When looking at the search results of “Coronavirus" in terms of the political orientation of the YouTube channels recommended, a lopsided recommendation emerges of left-leaning media content to both the conservative and progressive user groups. No right-leaning channels are recommended to the progressive user groups and only a few conservative users get personalized recommendations from the right-leaning channels. Thus, the results also indicate that conservative users get recommended videos with more diverse political orientations than the progressive users, when we focus on each user individually.

Nevertheless, the quantitative statistical analysis of all results following the “coronavirus” query (figure 10), indicate that personalization of results which was observed in the previous query “american elections”, is also replicated here. Republican supporters are offered predominantly right leaning channels, while Democrats are offered mainly left leaning outlets.

Figure 10, Channel orientation of recommended videos per group of users for the “coronavirus” query.

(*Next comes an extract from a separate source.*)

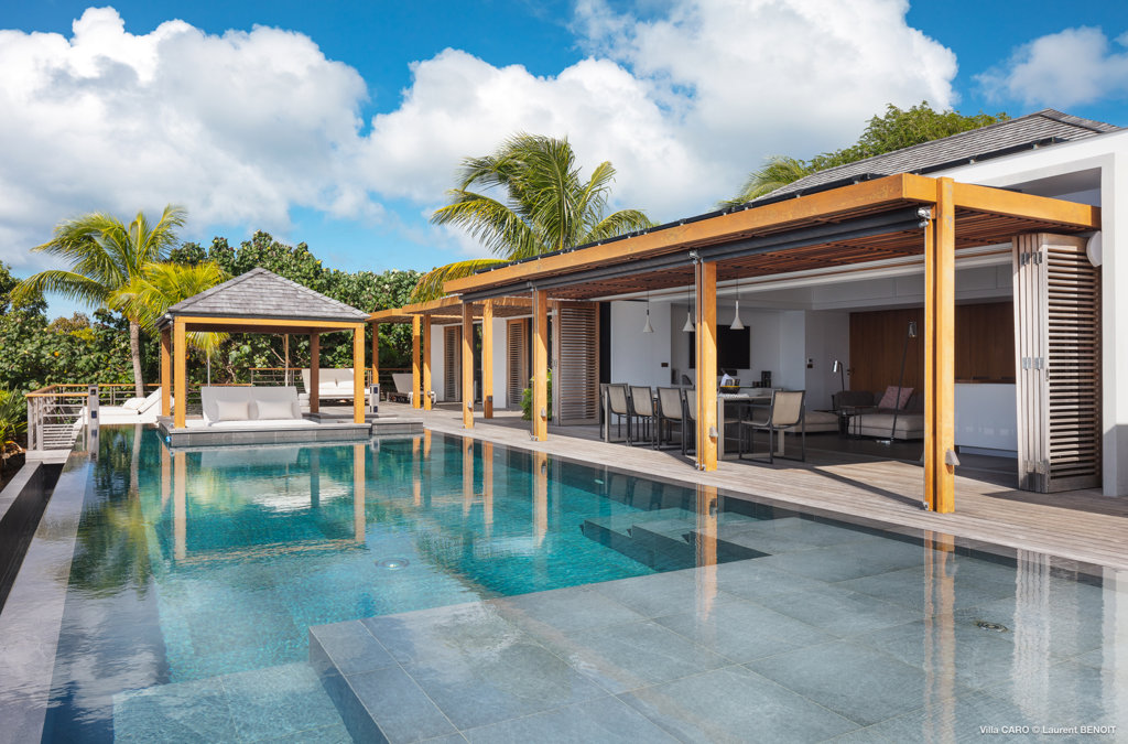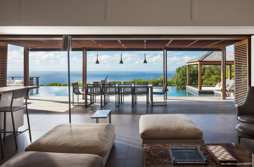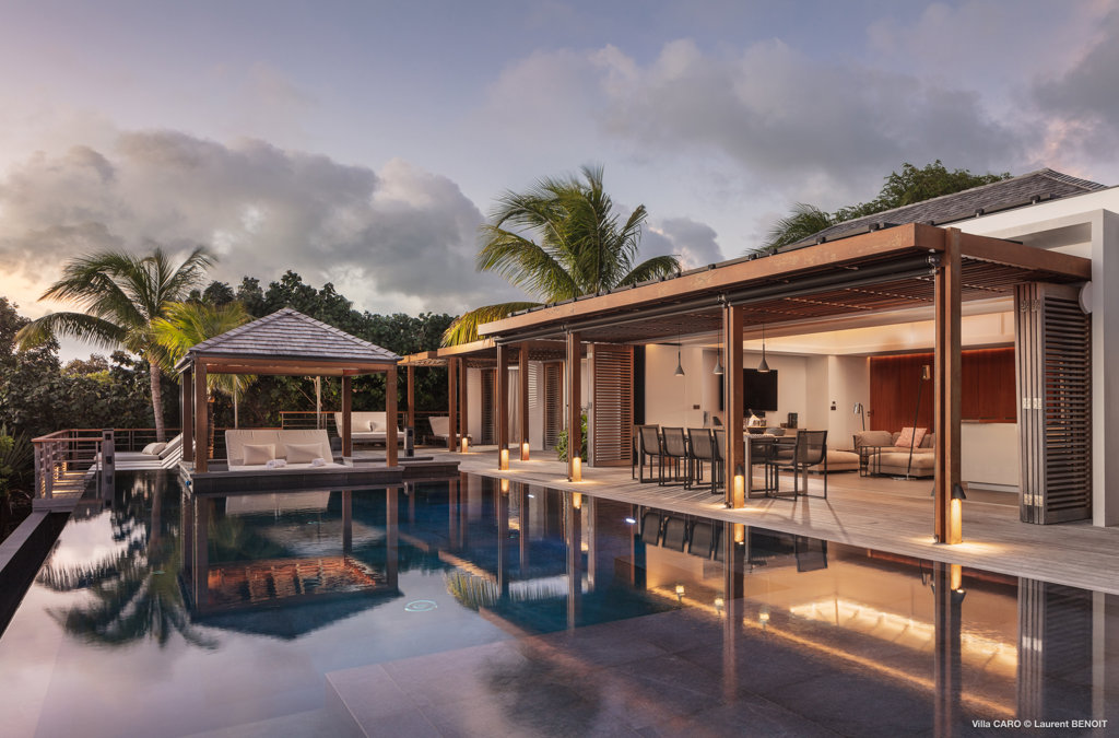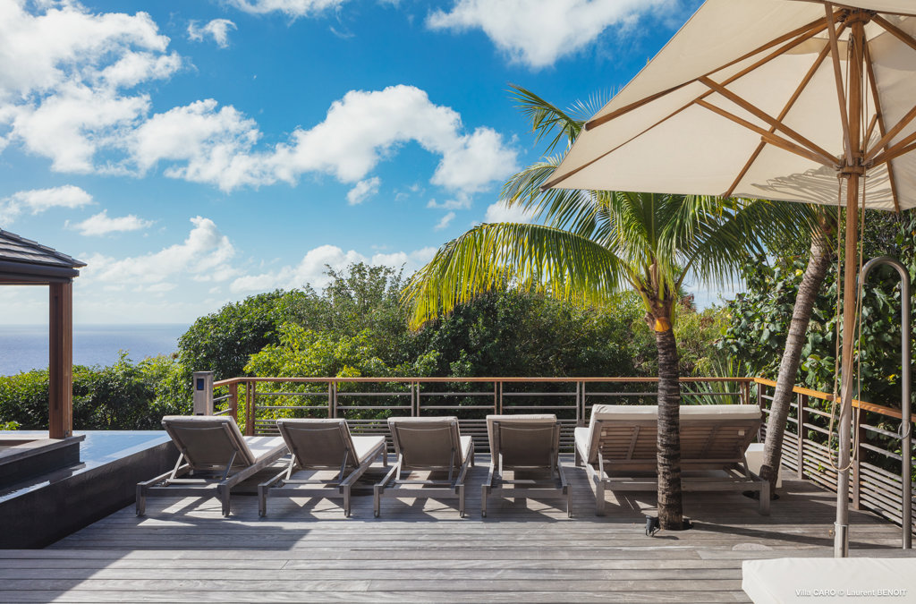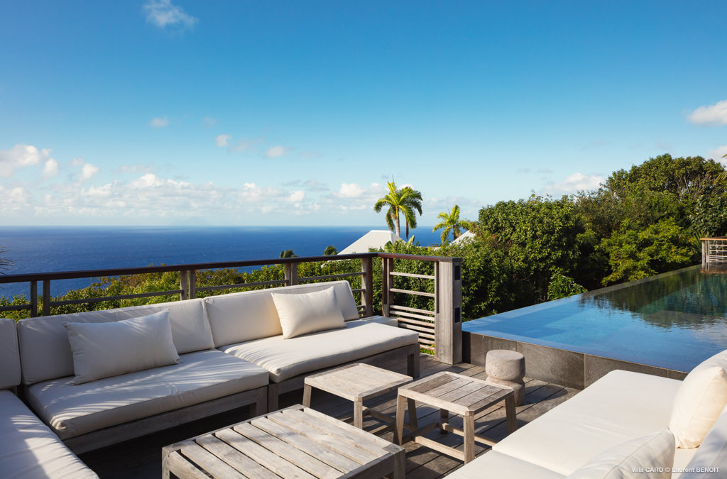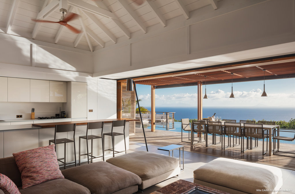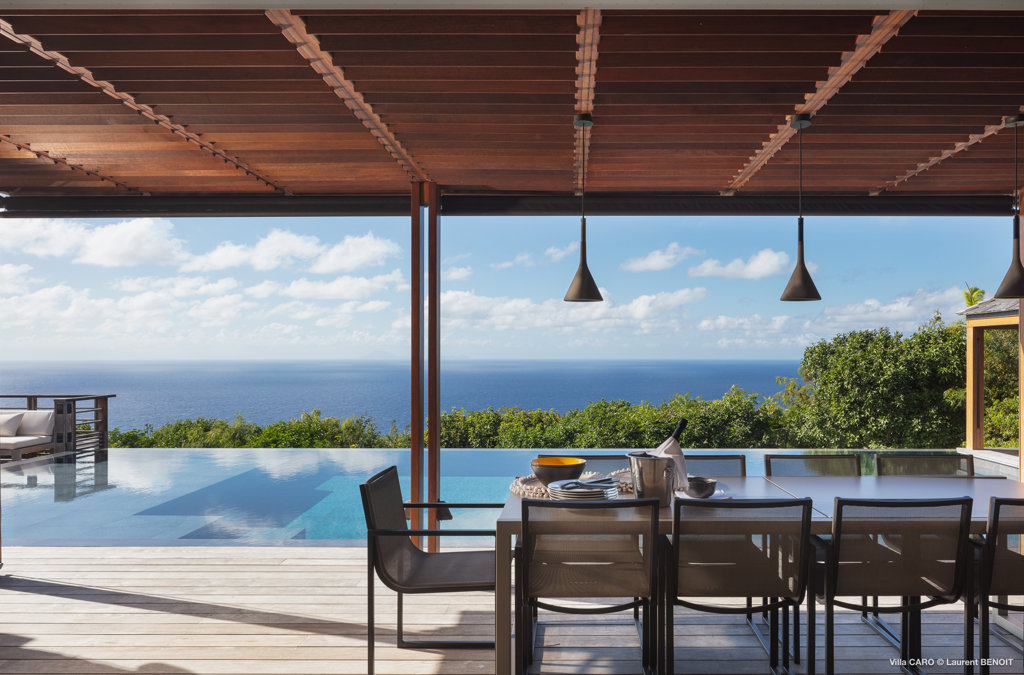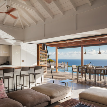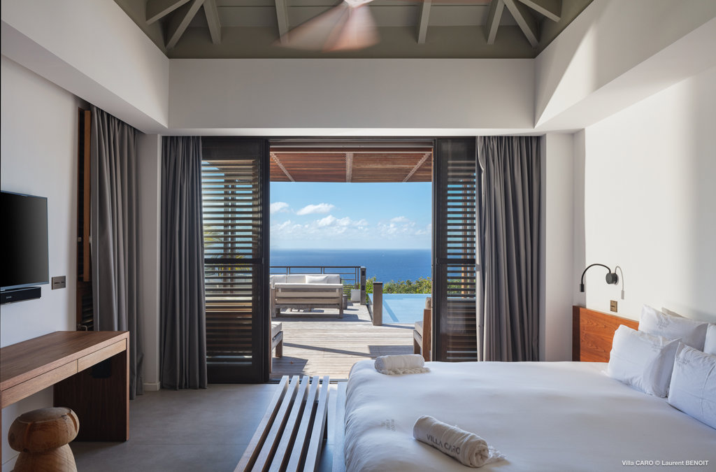 Villa Caro is a prime year-round destination for family or friends, offering a single-floor plan with five equal-size bedrooms — three in the front and two in the back — with rich, woody toned accents, as well as gorgeous winter sunsets and a beautiful view over the ultra-popular Gouverneur quartier.

Finding 5: the results indicate that previous searches influence new searches, proving the so-called “carry-over effect”, as a number of recommended videos were related to the previous queries.

In the “Coronavirus” search results, there are quite a lot of personalized results for individual users related to the American election. These results indicate that the previous search for “american election” has influenced the next search, indicating a “carry-over effect” (Hannák et al, 2017). The same carry-over effect is evident in the search results for the control query “new year” performed last. Here, coronavirus-related suggestions appear for both user groups. The results are illustrated in the graphs below and indicate that neutral queries will get a lot of channels recommended that are not categorized in terms of media type and political orientation, as they are not news channels.

Figure 11: Top 20 search results of “new year” in terms of media type (left) and political orientation (right)

Finding 6: There are instances of unique search results for particular users within groups:

a) Unique search results of videos created in a non-English language or linked to geo-location data indicate personalisation processes beyond the variables we determined for the research.

b) Individual users are offered unique results in videos ranking beyond the 12th position. This may indicate polarisation and / or radicalisation processes where the content expresses extreme political views.

Finding 6a: Channels such as La NACION (n=1 user), 9 News Australia (n=1 user), India Today (n=2 users), the AFP News Agency (n=3 users) and The Sun (n=2 users) appear for the American Elections (figure 1). Similarly, ITV News (n=1 user), DW Deutsch (n=1 user), FRANCE (n=1 user) and 11 Alive Streamed Georgia (n=1 user), appear as unique results for the Coronavirus query (figure, 2). This could be a potential indication that personalisation processes are in progress which relate to variables linked to geo-location data and videos created in a non-English language. The YouTube ranking algorithm is reportedly drawing on geo-location data, among other variables, in order to infer the possibility of users to engage with similar content in the future (Covington et al, 2016).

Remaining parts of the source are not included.